There are 7 comments at the moment, we would love to hear your opinion too.

  1. “Liversidge says this issue could be resolved if the regulator had one template on costs that all advisers had to use, regardless of the size of the firm”.

    The regulator did exactly that – the Services and Costs Disclosure Document. The problem was the same as the templates from compliance service providers – poor completion in some cases

    • What I’m asking for is a template that includes the vertically integrated firms, comparison sites, insurance company direct sellers et al. Let’s have everyone playing by the same rules, no smoke and mirrors and/or recognition and acceptance of ‘unique’ charging structures. Correct me if I’m wrong Rory but I don’t think the SCDD did that, did it? I once had the headmistress of a private girls’ school tell me “I use Hargreaves Lansdown because they’re free” to which my reply was “So that’s how Peter Hargreaves got in the Sunday Times rich list?” followed by “I’m sure glad I didn’t waste my money sending my daughters to your school.” Likewise, I’ve met no end of people who think SJP gives free advice. FCA fail there I think, Rory.

      • An SCDD is absolutely not a client specific charging document Rory, it is a generic company document with many assumptions contained therein. I believe Nick Bamford brought the ‘letter of engagement’ subject up recently (a letter which IS client and more charge specific) and suggested this was an area where an exchange of ideas would be useful, in absence of a template from on high; it largely feel on deaf ears unfortunately, as I fear will Neil’s suggestion.

  2. Hiding behind the Advice Industry, the Compliances Industry, (and I say Industry), rather than it being an integral part of the Advice Process’s has been diametrically opposed to the Complaints Industry. Both are incestuous due to the combative nature of the litigious environment we find ourselves in. The very nature of both Compliance and Complaints, coupled by the ever increasing Professional Insurance requirements will force the Advice Process down a quantitative track, Networks rely upon the “Add Hock” File review, so they are expecting certain facts and template paragraphs to be contained within a standard Recommendation letter. Its either that or every single letter should be unique and would require individual consideration by compliance.
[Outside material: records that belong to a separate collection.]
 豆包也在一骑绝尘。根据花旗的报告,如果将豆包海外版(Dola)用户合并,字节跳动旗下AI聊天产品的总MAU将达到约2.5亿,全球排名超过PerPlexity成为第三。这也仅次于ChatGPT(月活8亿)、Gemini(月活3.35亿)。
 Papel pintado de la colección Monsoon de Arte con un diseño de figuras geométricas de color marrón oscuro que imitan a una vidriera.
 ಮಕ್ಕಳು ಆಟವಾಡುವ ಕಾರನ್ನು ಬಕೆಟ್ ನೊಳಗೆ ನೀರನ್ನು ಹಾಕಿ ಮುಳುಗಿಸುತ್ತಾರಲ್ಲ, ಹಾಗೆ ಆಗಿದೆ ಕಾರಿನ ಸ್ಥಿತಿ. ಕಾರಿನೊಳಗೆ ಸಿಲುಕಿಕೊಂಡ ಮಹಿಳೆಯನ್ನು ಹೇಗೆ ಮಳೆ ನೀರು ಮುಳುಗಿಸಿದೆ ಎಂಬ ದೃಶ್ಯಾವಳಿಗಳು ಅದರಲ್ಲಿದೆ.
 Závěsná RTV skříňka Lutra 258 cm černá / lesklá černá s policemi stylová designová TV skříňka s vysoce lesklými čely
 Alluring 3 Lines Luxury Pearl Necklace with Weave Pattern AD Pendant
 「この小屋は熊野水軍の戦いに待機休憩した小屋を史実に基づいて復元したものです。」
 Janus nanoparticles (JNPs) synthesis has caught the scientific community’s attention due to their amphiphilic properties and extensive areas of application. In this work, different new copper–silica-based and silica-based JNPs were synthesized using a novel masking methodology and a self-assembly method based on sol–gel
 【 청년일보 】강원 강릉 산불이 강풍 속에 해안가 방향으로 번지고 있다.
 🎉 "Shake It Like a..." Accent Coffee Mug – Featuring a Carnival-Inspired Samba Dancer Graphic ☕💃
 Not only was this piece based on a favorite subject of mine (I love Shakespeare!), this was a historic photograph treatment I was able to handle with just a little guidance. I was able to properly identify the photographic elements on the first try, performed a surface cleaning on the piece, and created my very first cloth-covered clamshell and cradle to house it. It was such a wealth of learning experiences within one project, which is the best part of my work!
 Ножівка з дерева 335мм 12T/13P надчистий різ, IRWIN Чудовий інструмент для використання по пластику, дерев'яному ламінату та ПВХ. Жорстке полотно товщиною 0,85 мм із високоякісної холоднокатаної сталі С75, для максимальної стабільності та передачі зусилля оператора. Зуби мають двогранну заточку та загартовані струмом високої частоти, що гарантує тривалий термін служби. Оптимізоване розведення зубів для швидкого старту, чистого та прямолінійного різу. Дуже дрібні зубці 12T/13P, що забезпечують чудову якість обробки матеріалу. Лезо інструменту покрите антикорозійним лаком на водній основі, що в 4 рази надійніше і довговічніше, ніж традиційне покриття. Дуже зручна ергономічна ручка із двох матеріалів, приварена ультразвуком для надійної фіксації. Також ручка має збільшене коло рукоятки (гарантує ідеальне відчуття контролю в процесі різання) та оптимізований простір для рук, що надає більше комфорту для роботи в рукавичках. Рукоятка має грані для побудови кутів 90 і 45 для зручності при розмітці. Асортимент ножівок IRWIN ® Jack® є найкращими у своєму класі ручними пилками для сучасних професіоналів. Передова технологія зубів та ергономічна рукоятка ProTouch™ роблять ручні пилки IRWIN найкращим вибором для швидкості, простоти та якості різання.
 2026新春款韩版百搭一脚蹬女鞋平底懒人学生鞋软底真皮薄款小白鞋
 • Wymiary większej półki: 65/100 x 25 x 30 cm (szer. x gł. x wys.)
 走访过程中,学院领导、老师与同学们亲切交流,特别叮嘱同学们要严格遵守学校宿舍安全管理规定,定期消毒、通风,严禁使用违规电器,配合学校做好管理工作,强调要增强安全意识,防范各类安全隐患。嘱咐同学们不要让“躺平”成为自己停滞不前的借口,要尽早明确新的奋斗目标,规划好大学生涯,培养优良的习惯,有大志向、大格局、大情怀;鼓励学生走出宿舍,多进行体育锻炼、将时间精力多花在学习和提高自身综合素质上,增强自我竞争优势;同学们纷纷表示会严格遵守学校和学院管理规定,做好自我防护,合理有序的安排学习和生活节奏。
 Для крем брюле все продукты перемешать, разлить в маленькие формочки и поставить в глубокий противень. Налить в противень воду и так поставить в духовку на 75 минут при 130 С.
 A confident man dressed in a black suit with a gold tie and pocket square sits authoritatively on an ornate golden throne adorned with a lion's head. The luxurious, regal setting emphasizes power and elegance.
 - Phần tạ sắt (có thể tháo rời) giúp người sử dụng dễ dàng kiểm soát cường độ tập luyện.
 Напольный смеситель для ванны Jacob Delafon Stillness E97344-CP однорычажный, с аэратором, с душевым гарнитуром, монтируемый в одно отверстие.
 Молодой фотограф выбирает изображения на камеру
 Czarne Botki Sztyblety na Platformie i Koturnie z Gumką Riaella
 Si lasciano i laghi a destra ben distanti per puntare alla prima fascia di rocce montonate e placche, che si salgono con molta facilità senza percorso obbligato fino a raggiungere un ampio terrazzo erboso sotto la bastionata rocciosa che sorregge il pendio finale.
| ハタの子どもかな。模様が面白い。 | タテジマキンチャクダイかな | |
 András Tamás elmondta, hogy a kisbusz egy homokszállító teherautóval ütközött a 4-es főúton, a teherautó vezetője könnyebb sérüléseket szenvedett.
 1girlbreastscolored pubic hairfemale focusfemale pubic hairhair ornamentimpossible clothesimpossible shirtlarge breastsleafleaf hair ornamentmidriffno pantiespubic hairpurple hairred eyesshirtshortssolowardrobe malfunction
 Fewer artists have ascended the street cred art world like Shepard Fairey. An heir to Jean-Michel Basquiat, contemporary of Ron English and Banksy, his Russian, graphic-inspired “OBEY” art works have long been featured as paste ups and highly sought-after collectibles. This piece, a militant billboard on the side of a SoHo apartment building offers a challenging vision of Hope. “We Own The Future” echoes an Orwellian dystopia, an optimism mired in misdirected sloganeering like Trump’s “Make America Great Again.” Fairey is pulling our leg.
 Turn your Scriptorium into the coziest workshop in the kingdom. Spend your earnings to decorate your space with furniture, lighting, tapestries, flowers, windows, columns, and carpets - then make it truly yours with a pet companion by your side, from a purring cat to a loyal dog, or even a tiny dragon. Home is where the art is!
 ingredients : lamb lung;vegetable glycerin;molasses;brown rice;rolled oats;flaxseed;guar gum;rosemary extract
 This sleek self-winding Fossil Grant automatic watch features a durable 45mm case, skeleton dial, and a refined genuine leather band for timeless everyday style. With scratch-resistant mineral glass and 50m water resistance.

Therefore we should consider Pre Sales Para Planning more important than post sales compliance, get this right and the Compliance Industry will wither on the vine, which in turn should eradicate the Complaints industry, or at least make both financially unviable.

  3. I’d go beyond Neil’s recommendation of regulatory approved fee disclosure and incorporate regulatory approved ‘status’ disclosure too – remove the subjectivity of statements like ‘whole of market restricted’ and stick with regulatory defined definitions.

    Get the client to sign the document and bingo – a clear record that the client understands the cost and nature of advice.